If so, farewell “auction fever”—the contagion that spreads among the susceptible in a packed salesroom. Stay-at-home sales are likely to flatten the fervor.

Porter had told von Aue that “what has absolutely been put on hold is the sale of significant numbers of estates, and that will return in the fall.” But a spokesperson for rival Sotheby’s assured me that the 26 works from the collection of the late Harry W. and Mary Margaret Anderson, highlights of its contemporary offerings, are still planned for its June sale:

Clyfford Still, “1947-Y-No.1,” 1947 (Sotheby’s estimate: $25-35 million)
Collection of the late Harry W. and Mary Margaret Anderson

We may soon hear how Sotheby’s has done with at its own attempted auction innovation—In Confidence: Selected Masterpieces. Launched on May 15 and ending May 23, it’s a 12-lot sale (see them here) based in Hong Kong, for which written commission bids are being submitted confidentially.

Here’s one highlight:

Yayoi Kusama, ‘Untitled’, 1960

As described in Sotheby’s press release:

Bidders will be notified if they have been outbid and will have a final chance to submit a best and final offer by the preset deadline, at which point the winning bidder will be established. All bidding information and results will remain confidential. The bidding process will be monitored by an independent auditor.

It sounds like they’re trying to genetically engineer an unnatural cross between two species—private sale and silent auction.

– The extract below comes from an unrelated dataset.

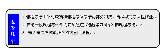1. 在第一次课程考试预约前须通过《远程学习指导》的课程考核方可预约。

I wonder whether auction clients will feel comfortable with this contrivance: Veiling bids in semi-secrecy runs counter to the auction principle of transparency. What’s more, the highest “confidential” bidder can then be sabotaged in an endgame that gives others a last chance to prevail. By contrast, conventional sales at auction houses and dealers offer instant gratification: You quickly know whether your offer has clinched the work or not.

A telling test of the post(?)-Covid market may come in late June if Sotheby’s is able to proceed with its evening sales. NYC Mayor Bill de Blasio has said he hopes to begin phased reopening of businesses in the city by mid-June, but he has not yet announced what activities will be allowed and under what conditions. Meanwhile, the Metropolitan Museum recently pushed back its tentatively planned reopening to mid-August at the earliest, from the previous target date of July 1.

One can imagine that if Sotheby’s somehow does manage to pull off its June evening sales, it will have bragging rights over Christie’s, attracting clients who are eager to resume selling- and buying-as-usual. Perhaps this feat can be achieved by limiting the size of the live audience, if any; enforcing social distancing; requiring masks; maybe even checking temperatures at the door. As a backup, perhaps they’ll keep it online and on phones. (That’s my own guess, not their announcement.)

To me, the June convening of crowds (even in controlled numbers) at New York auctions or museums still sounds like a long shot. Time (and Mayor de Blasio) will soon tell.